Work to complete → There is one span to output from the data below: the lines starting at the line with "take you through" and ending at the line with "api를 누르면 어떤". Output it exactly, ends included, nothing more.

[[ Dataset entries, beginning ]]

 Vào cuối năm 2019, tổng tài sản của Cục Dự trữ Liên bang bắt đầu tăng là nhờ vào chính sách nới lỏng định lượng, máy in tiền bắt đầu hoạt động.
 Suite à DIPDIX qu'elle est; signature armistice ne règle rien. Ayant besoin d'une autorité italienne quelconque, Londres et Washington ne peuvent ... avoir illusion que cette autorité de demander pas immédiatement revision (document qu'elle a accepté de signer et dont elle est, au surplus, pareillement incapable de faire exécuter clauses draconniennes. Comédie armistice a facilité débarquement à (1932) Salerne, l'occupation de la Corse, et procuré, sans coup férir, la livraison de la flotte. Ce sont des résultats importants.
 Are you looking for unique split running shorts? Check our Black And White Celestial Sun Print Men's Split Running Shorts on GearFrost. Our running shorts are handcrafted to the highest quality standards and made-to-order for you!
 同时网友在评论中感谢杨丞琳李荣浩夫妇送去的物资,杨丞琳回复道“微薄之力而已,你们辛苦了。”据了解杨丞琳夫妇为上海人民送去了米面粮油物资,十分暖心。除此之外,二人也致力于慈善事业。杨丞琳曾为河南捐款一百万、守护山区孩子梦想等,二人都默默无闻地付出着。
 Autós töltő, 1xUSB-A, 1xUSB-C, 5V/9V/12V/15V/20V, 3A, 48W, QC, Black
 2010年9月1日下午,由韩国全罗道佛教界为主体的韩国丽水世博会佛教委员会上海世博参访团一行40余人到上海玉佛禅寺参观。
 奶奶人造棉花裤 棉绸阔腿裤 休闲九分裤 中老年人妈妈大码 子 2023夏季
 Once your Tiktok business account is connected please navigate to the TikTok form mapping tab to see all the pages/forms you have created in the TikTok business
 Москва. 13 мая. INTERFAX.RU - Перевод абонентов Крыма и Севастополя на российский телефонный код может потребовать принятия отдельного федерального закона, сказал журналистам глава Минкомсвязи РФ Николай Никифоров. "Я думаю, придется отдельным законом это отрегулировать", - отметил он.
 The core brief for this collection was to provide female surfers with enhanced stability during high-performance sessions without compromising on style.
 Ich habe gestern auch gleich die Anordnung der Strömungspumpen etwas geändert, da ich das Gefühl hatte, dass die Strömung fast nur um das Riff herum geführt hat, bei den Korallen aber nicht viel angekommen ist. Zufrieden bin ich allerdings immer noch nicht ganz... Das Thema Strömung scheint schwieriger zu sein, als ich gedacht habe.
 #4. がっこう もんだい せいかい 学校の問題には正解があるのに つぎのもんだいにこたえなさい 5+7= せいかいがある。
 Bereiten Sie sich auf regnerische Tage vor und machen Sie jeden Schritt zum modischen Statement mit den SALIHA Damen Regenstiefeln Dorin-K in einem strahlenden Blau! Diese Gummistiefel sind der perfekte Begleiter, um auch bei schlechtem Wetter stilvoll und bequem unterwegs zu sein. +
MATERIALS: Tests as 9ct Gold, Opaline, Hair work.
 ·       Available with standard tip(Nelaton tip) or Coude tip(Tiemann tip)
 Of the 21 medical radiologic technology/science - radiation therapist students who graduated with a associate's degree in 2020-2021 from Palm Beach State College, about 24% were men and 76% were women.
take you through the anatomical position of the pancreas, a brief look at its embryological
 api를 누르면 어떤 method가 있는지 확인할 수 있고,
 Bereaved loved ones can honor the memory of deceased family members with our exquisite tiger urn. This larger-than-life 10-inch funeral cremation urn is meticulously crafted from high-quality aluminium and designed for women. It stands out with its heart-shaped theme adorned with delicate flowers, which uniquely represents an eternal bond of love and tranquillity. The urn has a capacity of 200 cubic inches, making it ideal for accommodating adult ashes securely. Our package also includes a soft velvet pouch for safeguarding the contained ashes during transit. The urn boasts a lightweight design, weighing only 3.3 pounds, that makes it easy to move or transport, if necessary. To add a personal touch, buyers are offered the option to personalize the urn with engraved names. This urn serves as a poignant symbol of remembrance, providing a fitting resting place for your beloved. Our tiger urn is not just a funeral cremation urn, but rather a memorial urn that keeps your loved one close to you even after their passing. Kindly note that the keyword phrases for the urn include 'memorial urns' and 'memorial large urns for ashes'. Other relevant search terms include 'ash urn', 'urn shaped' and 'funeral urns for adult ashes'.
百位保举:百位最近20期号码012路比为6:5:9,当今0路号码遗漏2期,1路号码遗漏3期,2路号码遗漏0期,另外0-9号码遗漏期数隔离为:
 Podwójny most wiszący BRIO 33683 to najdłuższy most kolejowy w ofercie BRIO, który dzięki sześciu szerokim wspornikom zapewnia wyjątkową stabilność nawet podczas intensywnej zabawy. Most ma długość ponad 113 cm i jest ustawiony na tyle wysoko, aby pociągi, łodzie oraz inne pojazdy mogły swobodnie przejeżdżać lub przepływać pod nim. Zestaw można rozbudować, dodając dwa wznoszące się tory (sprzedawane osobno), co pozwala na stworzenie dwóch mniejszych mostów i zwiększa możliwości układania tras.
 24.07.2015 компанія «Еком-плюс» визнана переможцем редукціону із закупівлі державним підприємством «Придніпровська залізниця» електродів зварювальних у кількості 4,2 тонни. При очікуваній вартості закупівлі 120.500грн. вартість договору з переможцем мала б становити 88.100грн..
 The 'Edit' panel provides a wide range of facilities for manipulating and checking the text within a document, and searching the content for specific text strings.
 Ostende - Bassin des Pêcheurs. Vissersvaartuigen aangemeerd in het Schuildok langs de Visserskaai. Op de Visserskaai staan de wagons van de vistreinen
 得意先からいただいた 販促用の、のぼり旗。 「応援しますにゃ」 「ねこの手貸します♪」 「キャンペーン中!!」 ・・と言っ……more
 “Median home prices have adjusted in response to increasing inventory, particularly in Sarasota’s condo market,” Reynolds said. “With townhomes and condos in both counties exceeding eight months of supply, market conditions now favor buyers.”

[[ Dataset entries, end ]]

Your response →
take you through the anatomical position of the pancreas, a brief look at its embryological
 api를 누르면 어떤 method가 있는지 확인할 수 있고,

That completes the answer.